- [REQUIRED ACTION]
Output the data below only from the line containing "Care About Baskılı" up to and including the line containing "on the back.", exact and with the pictures left out.

RECORDS FOR PROCESSING section start

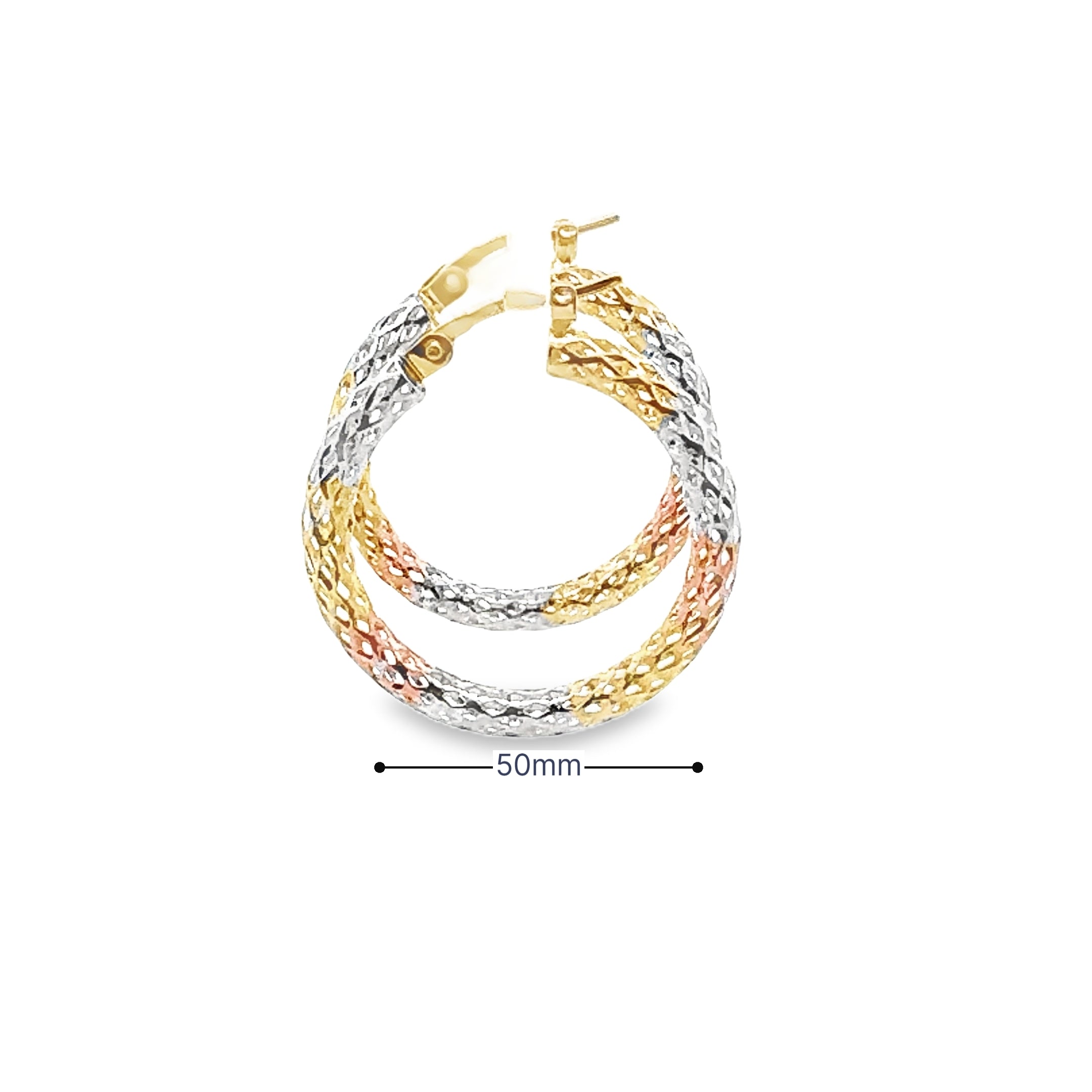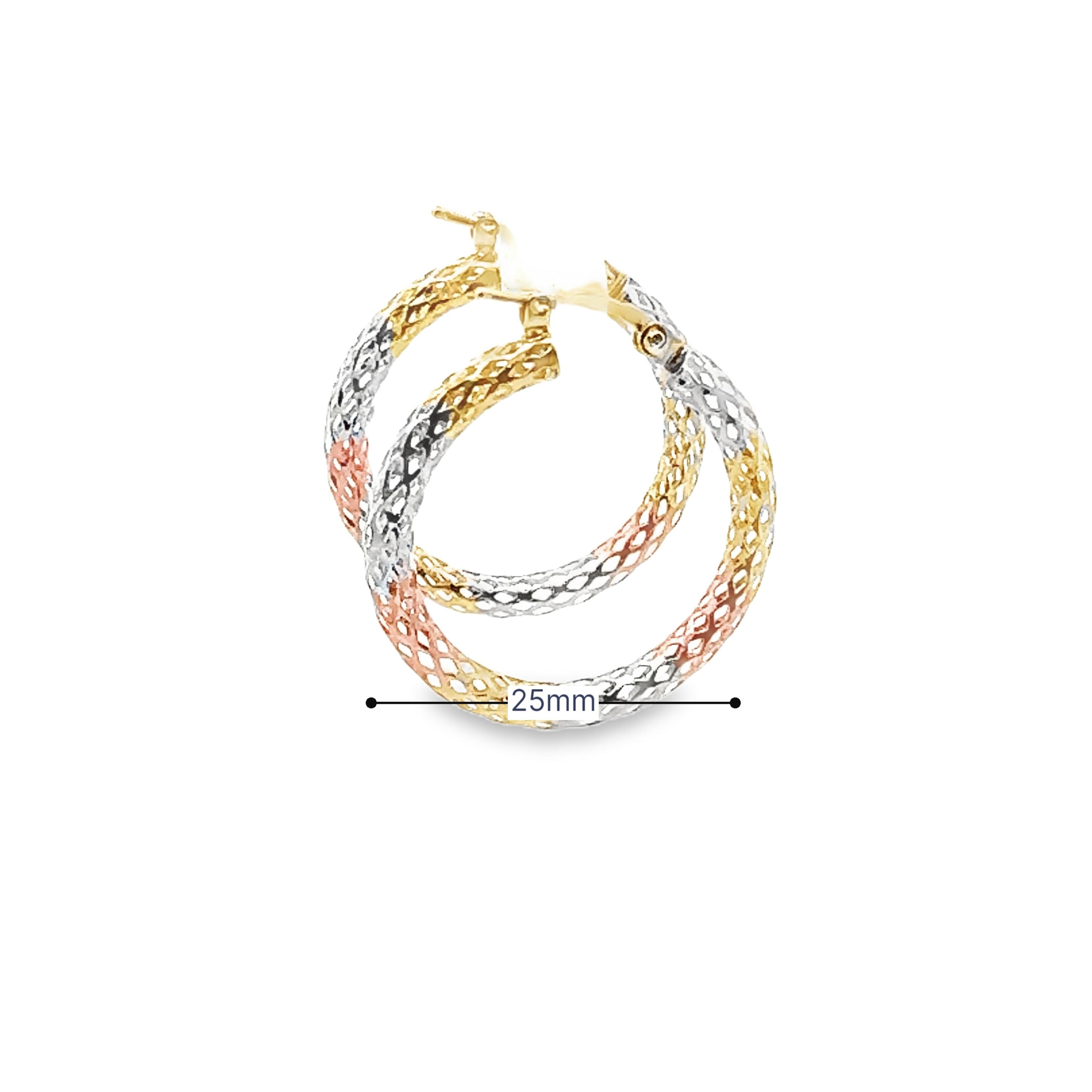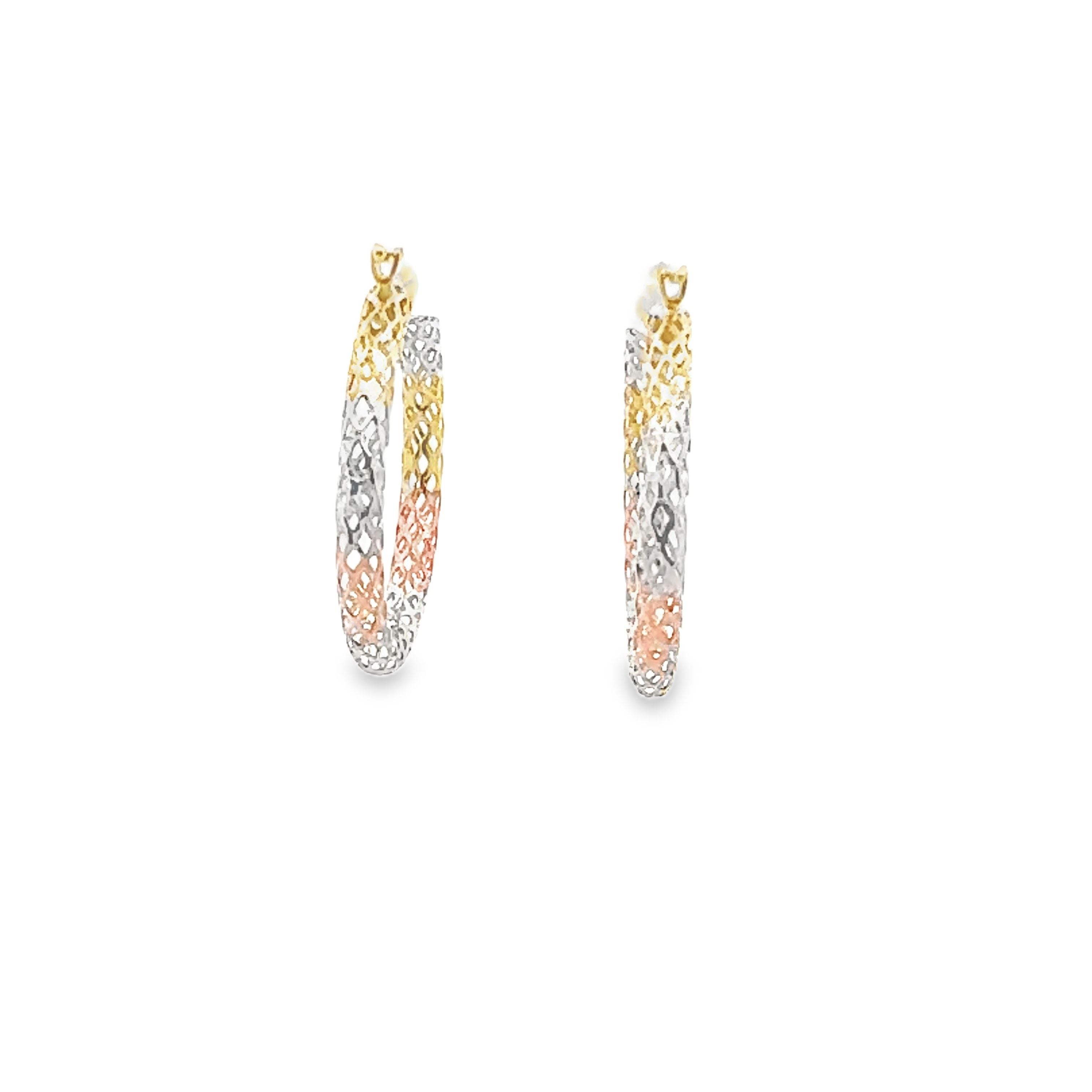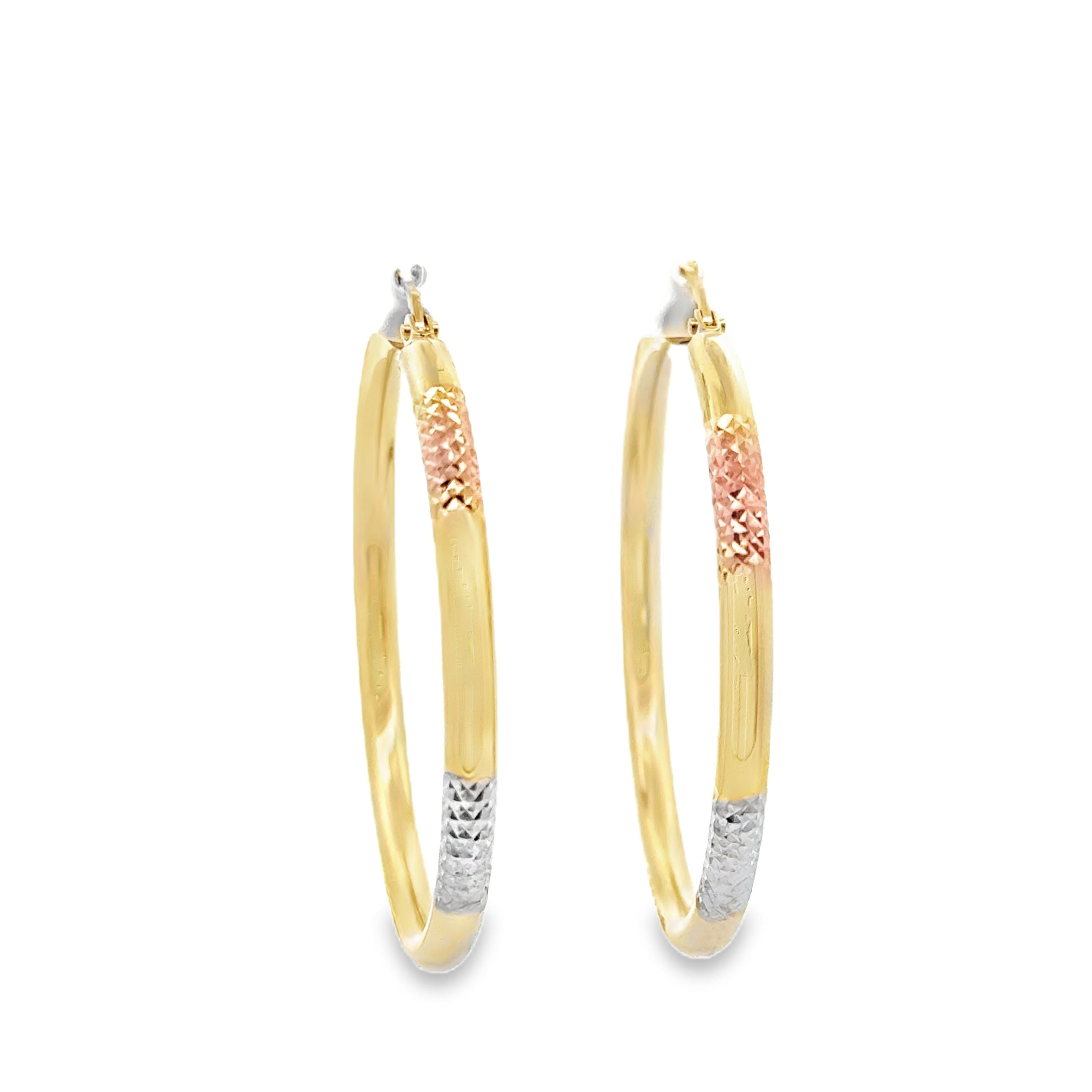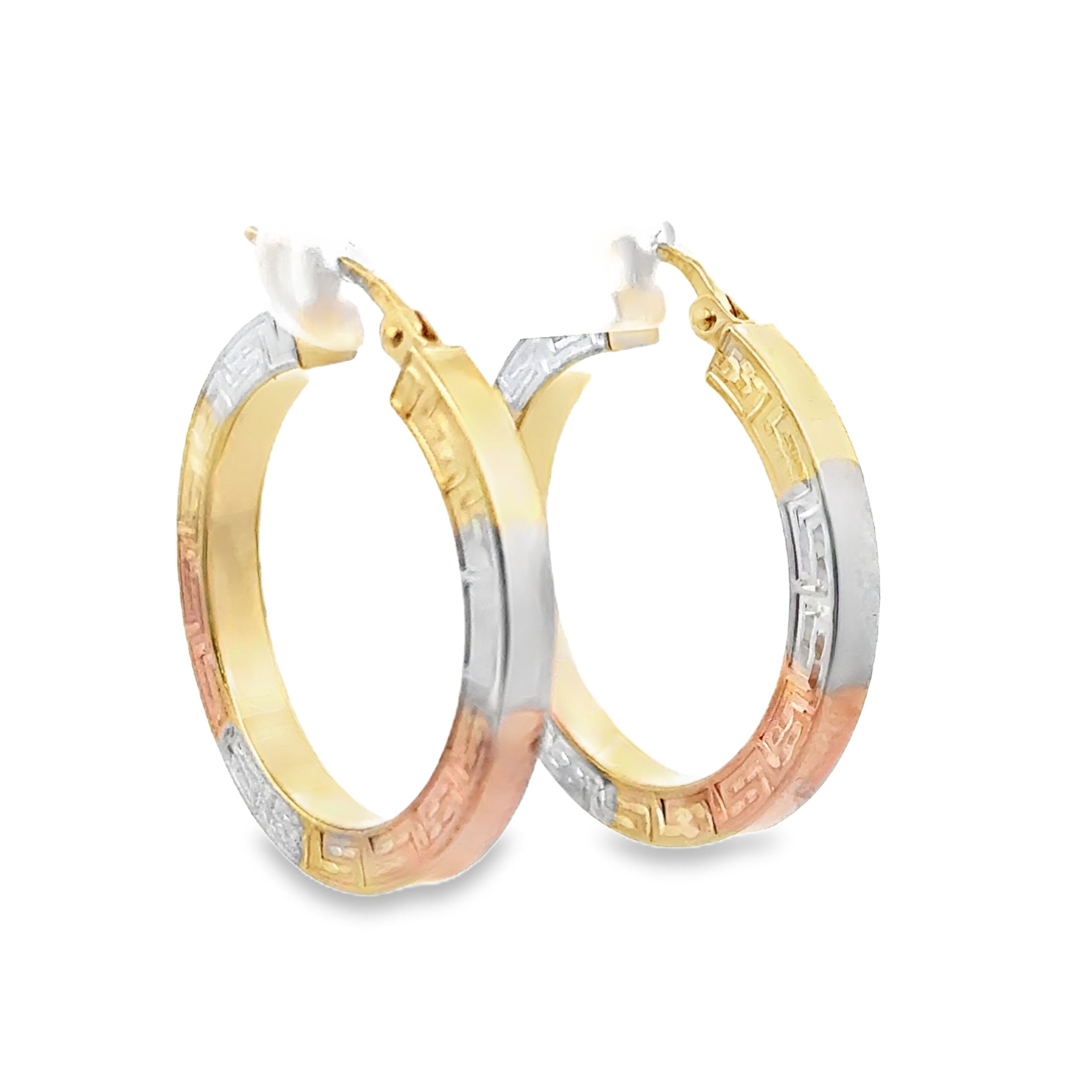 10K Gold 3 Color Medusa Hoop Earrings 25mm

RECORDS FOR PROCESSING section end
RECORDS FOR PROCESSING section start

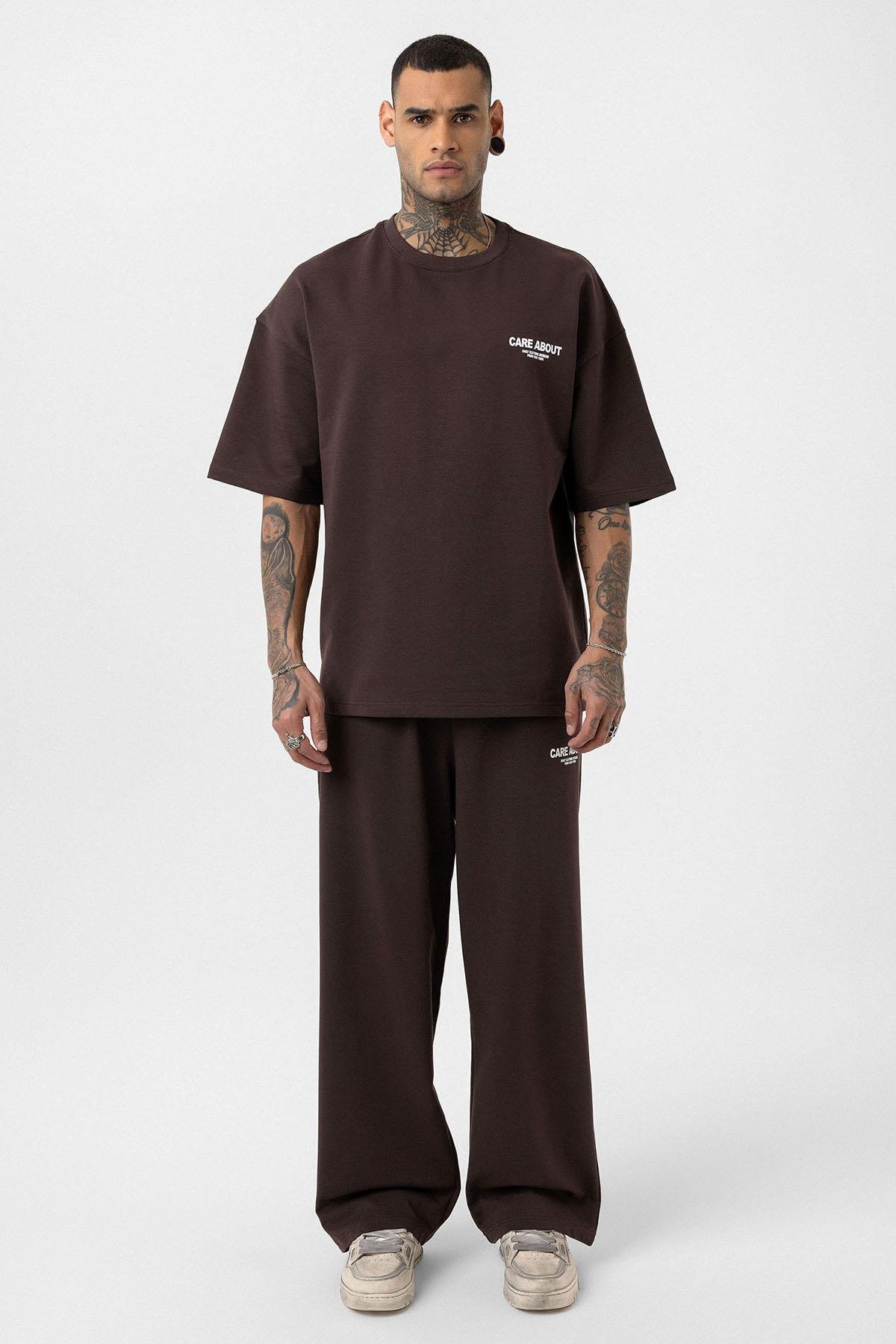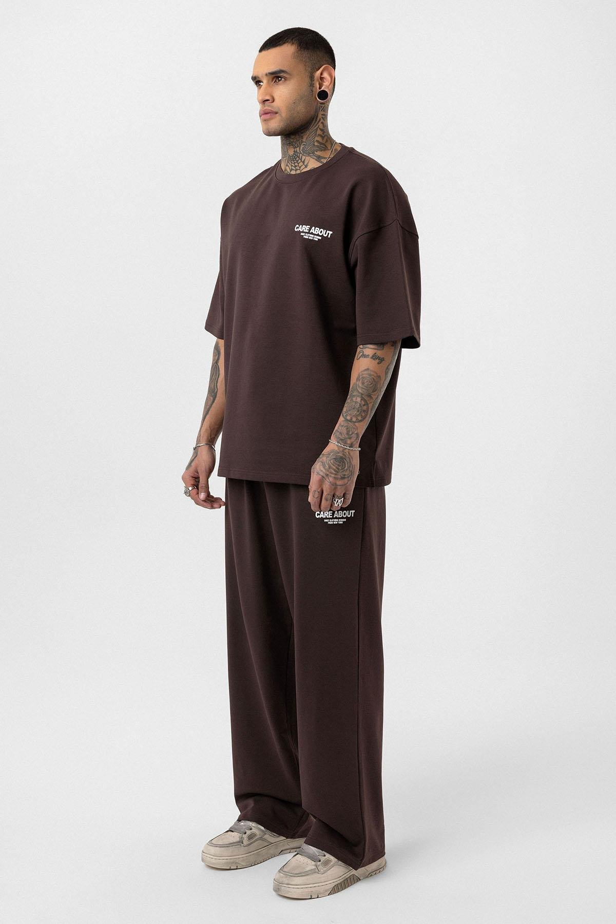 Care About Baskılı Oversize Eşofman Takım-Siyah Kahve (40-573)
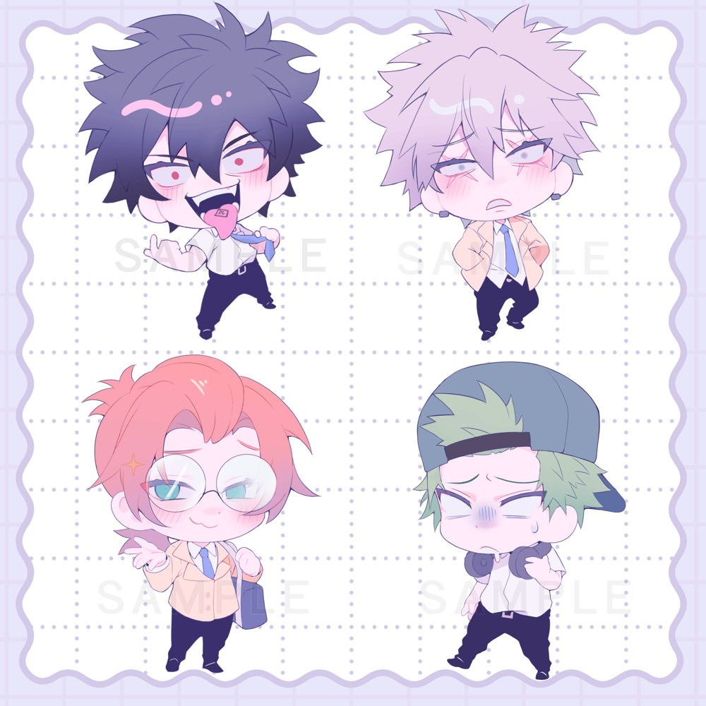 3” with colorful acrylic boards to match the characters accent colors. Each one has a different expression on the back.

RECORDS FOR PROCESSING section end

- [SOLUTION TO THE EXERCISE]
 Care About Baskılı Oversize Eşofman Takım-Siyah Kahve (40-573)
 3” with colorful acrylic boards to match the characters accent colors. Each one has a different expression on the back.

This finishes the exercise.